Après une recherche, je me suis penché sur Seafile qui a visiblement une excellente réputation. L'installation s'est révélée un peu délicate, mais la documentation étant bien faite, j'y suis parvenue sans trop de difficultés (à un détail près, si l'on veut que Seafile pointe sur un sous-domaine, il faut que l'alias pointe sur seafmedia et non sur media comme le dit la doc). Tout marchait parfaitement jusqu'à ce que j'arrive au bureau et que, content de mon nouveau système, je lance le client Seafile. Impossible de se connecter ! Eh oui, Seafile utilise des ports exotiques (10001 ou 12001  par exemple) qui sont naturellement fermés sur notre réseau (je sais que la paranoïa est une qualité des administrateurs systèmes, mais il faut avouer qu'elle est parfois un peu agaçante !)

J'aurais aimé tester BitTorrent Sync, mais les clients BitTorrent sont rarement bienvenus en milieu professionnel (on se demande bien pourquoi...). Ayant eu l'occasion de tester AjaXplorer, je me suis intéressé à Pydio, mais ai finalement renoncé en constatant que le client de synchronisation reste en béta.

En désespoir de cause, j'ai décidé de revenir aux fondamentaux. Puisque je ne trouve pas d'outil "moderne" adapté, je vais simplement reprendre les bases Linux et utiliser Unison, au moins je serai sûr d'avoir quelque chose de fiable et opérationnel. Problème, Unison utilise SSH et le port 22 est fermé au bureau (de même que le port alternatif que j'utilise). Il fallait donc que je me connecte en VPN avant de lancer la synchronisation. Sachant en outre que tout ceci devait être aussi automatique et transparent que possible, j'ai  dû mettre un peu les mains dans le cambouis.

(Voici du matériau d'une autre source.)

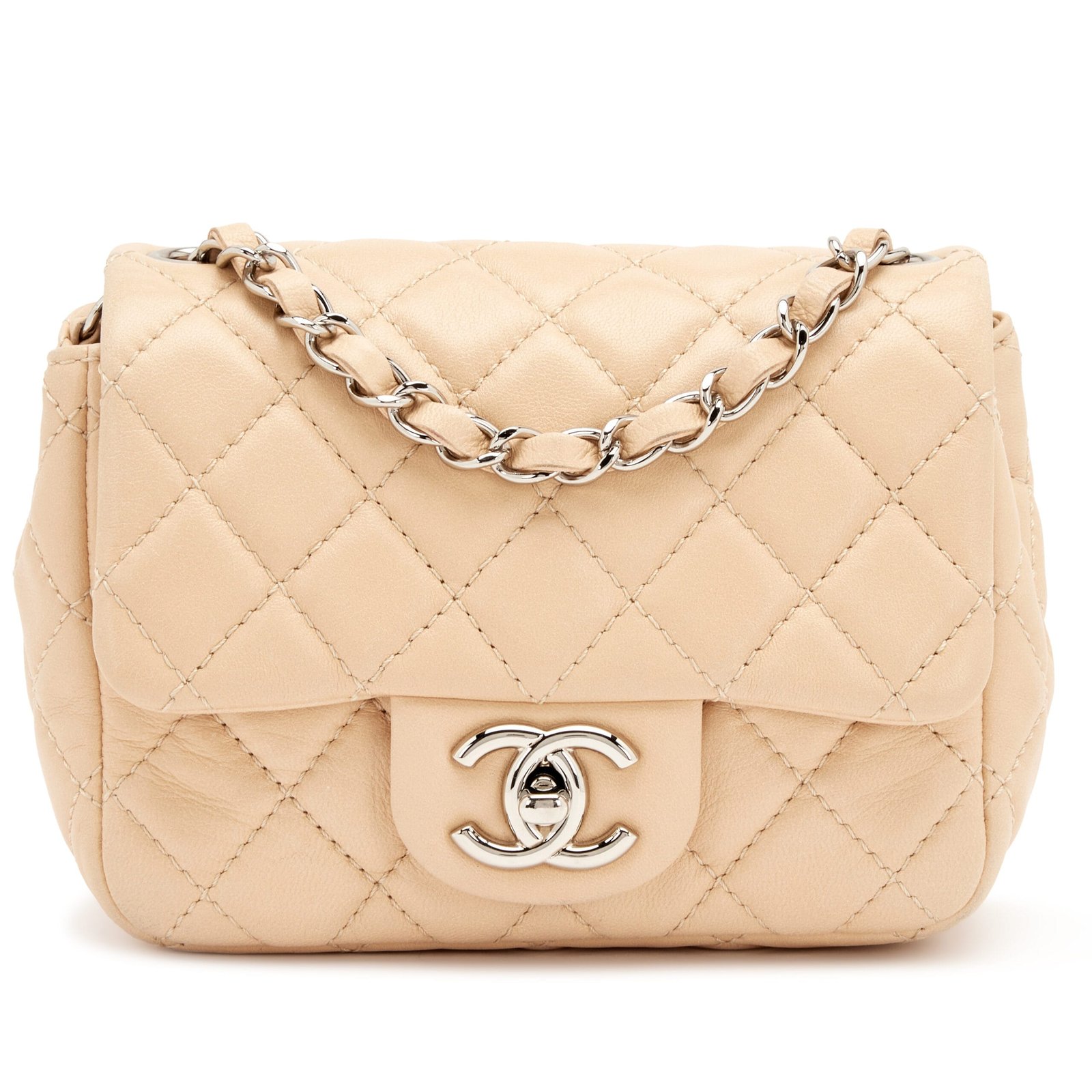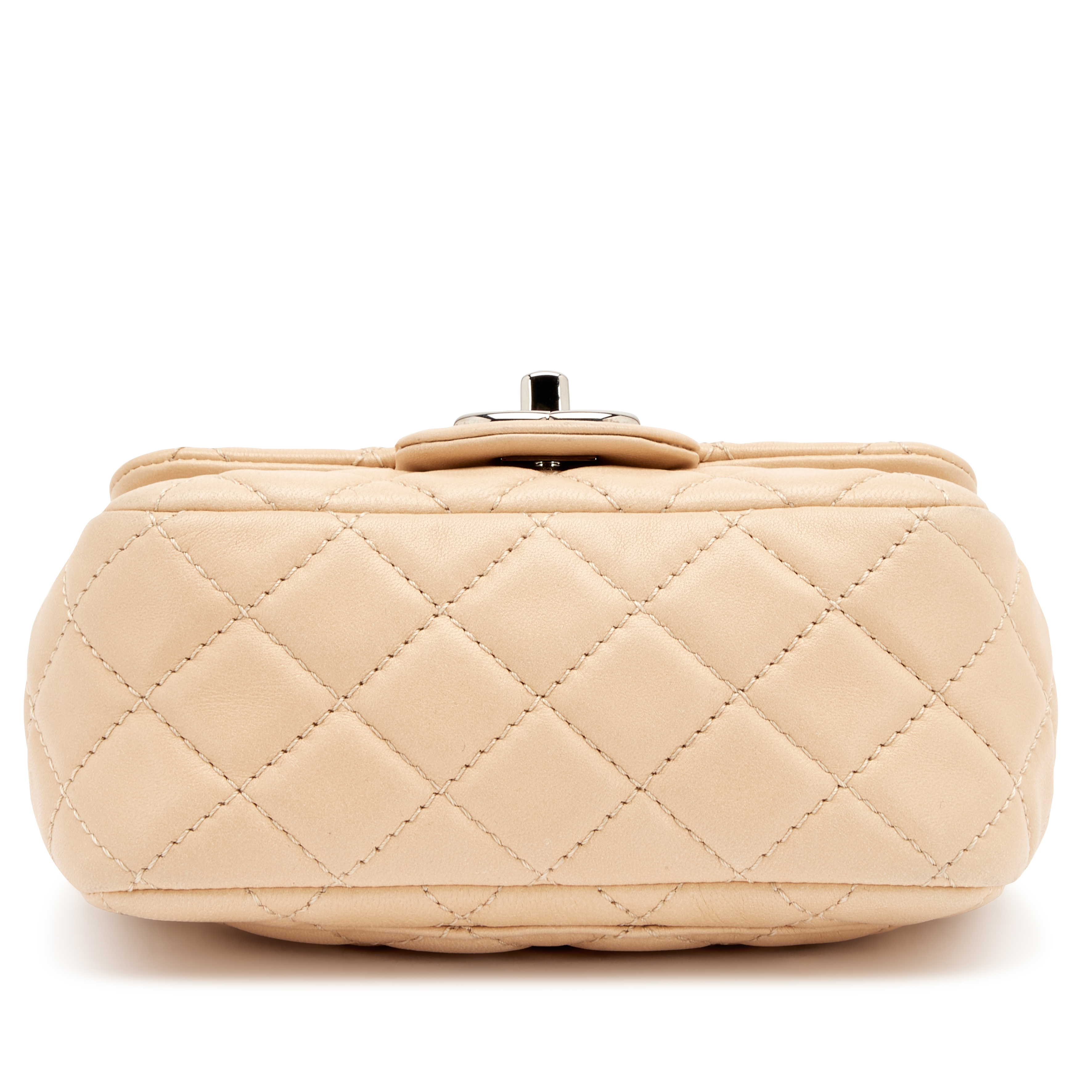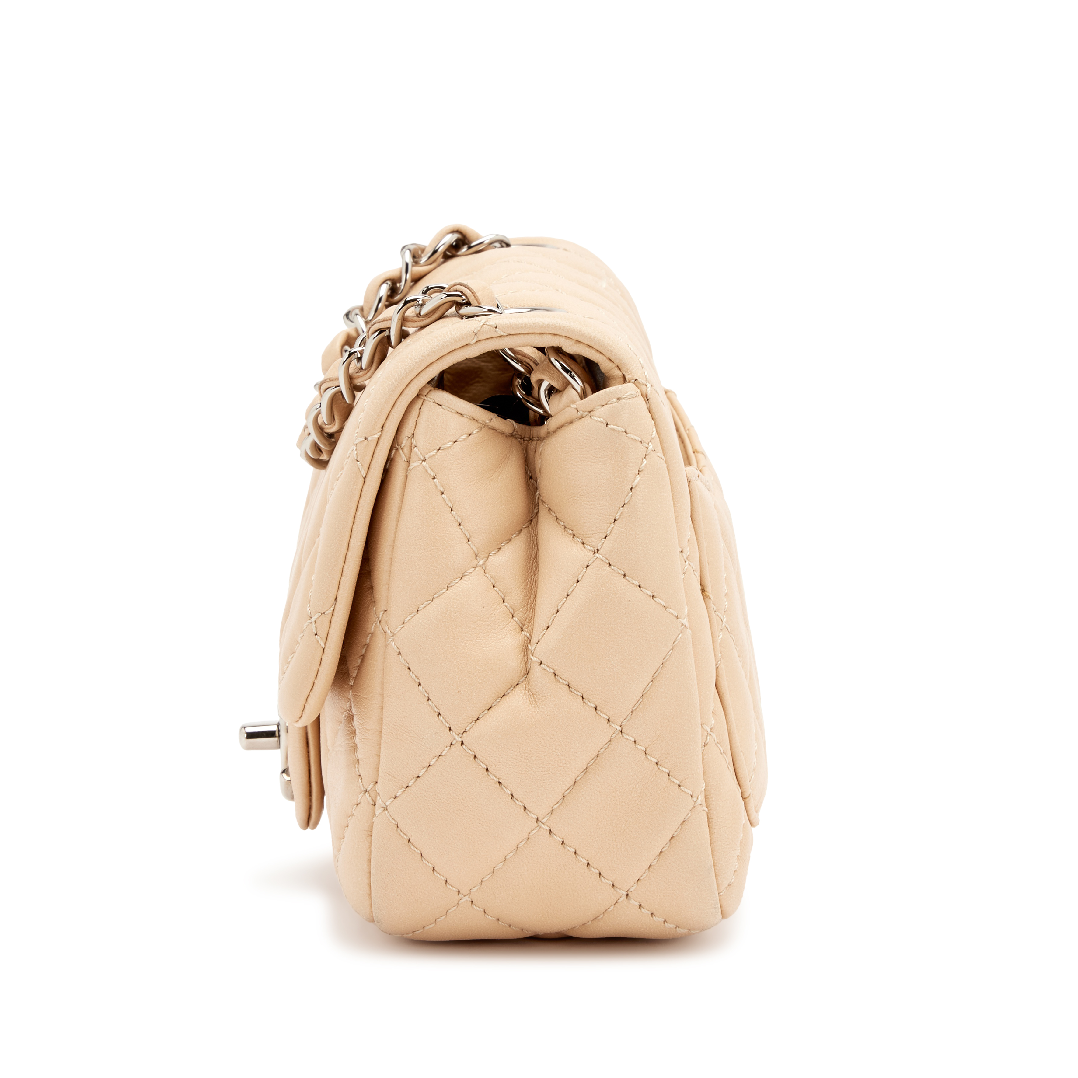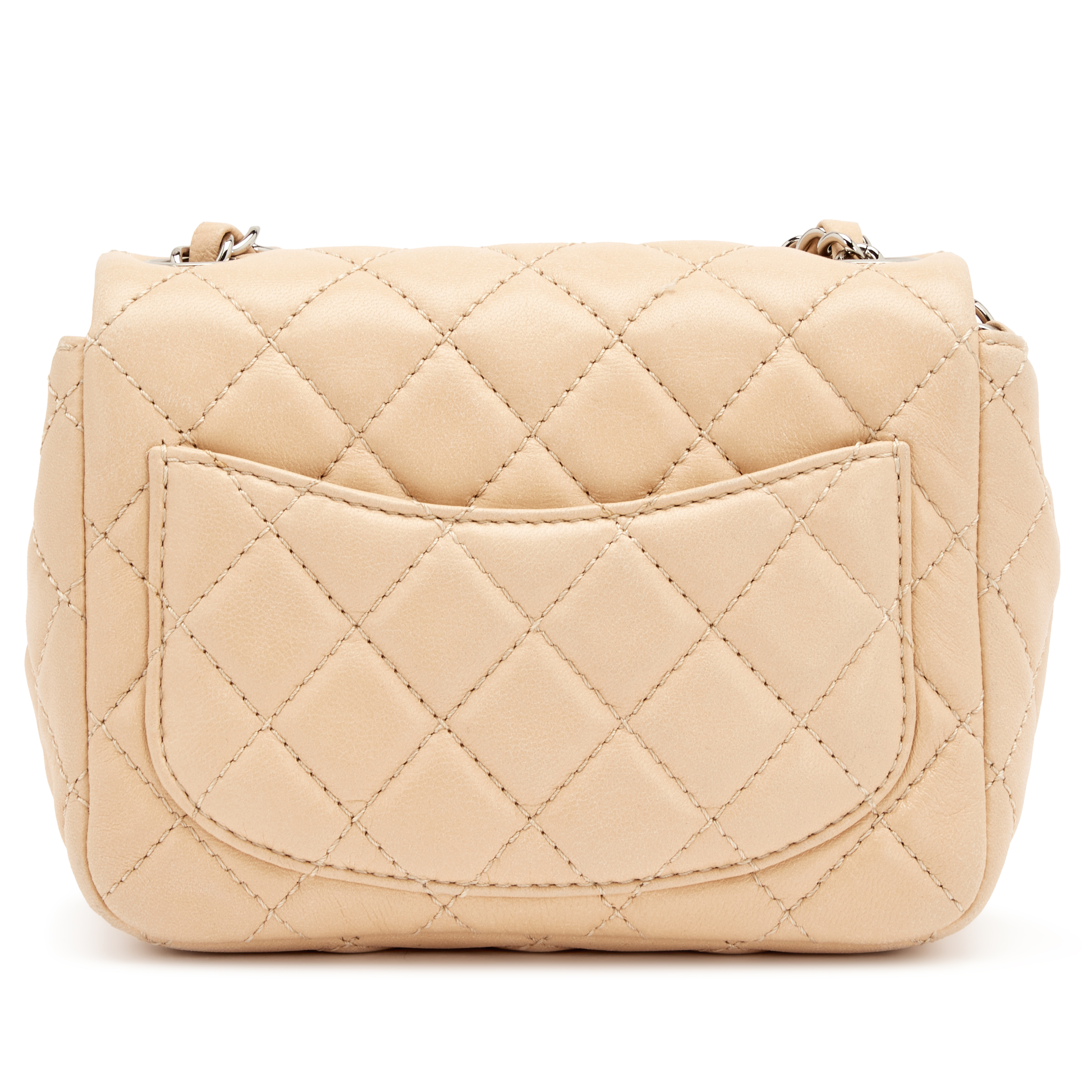 Chanel Light Beige Quilted Lambskin Mini Square Classic Single Flap Silver Hardware, 2008-2009

Synchronisation automatique avec Unison et openVPN


On paramètre Unison avec des fichiers "profils" qui sont dans ~/.unison. Ces profils  sont très simples et je vous renvoie à documentation Unison pour en voir les différentes formes. Le mien (syncData.prf) ressemble à ca :

# Roots of the synchronization
root = /Chemin/local/complet
root = ssh://user@IP/chemin/distant/complet

# Ignore
ignore = Name *.avi
ignore = Name *.mkv
ignore = Name *.mpg
ignore = Name *.flv
ignore = Name *.mp4
ignore = Name *.ogv
ignore = Name *.vob
ignore = Name *.mov
ignore = Name *~
ignore = Name ~*
ignore = Name .~*

# id_rsa est la clé ssh qui permet d'éviter de s'identifier
sshargs=-p 0000 -C -i /home/user/.ssh/id_rsa #0000 est le numéro du port SSH
fat = true
#ignorearchives = true
batch = true
times = true
ignorecase = true
perms = 0


Les premières lignes pointent sur les dossiers locaux et distants. On a ensuite la liste des fichiers ignorés (je ne synchronise pas les video, je n'ai pas la fibre à la maison, je fais donc ça en local).
On a ensuite les paramètres SSH. Afin d'avoir un lancement automatique (sans mot de passe), il faut naturellement paramétrer la connexion SSH de manière à ce qu'elle utilise les certificats (voir par exemple ici).
fat permet des gérer les données NTFS.
ignorearchive est commenté. On l'activera simplement quand on souhaite réinitialiser les fchiers d'archive.
batch permet d'assurer la synchronisation sans poser de question (les conflits sont alors ignorés).
times permet de synchroniser les dates des fichiers.
ignorecase et perms sont théoriquement inutiles, du fait de l'option fat, mais se sont révélés nécessaires dans mon cas (!).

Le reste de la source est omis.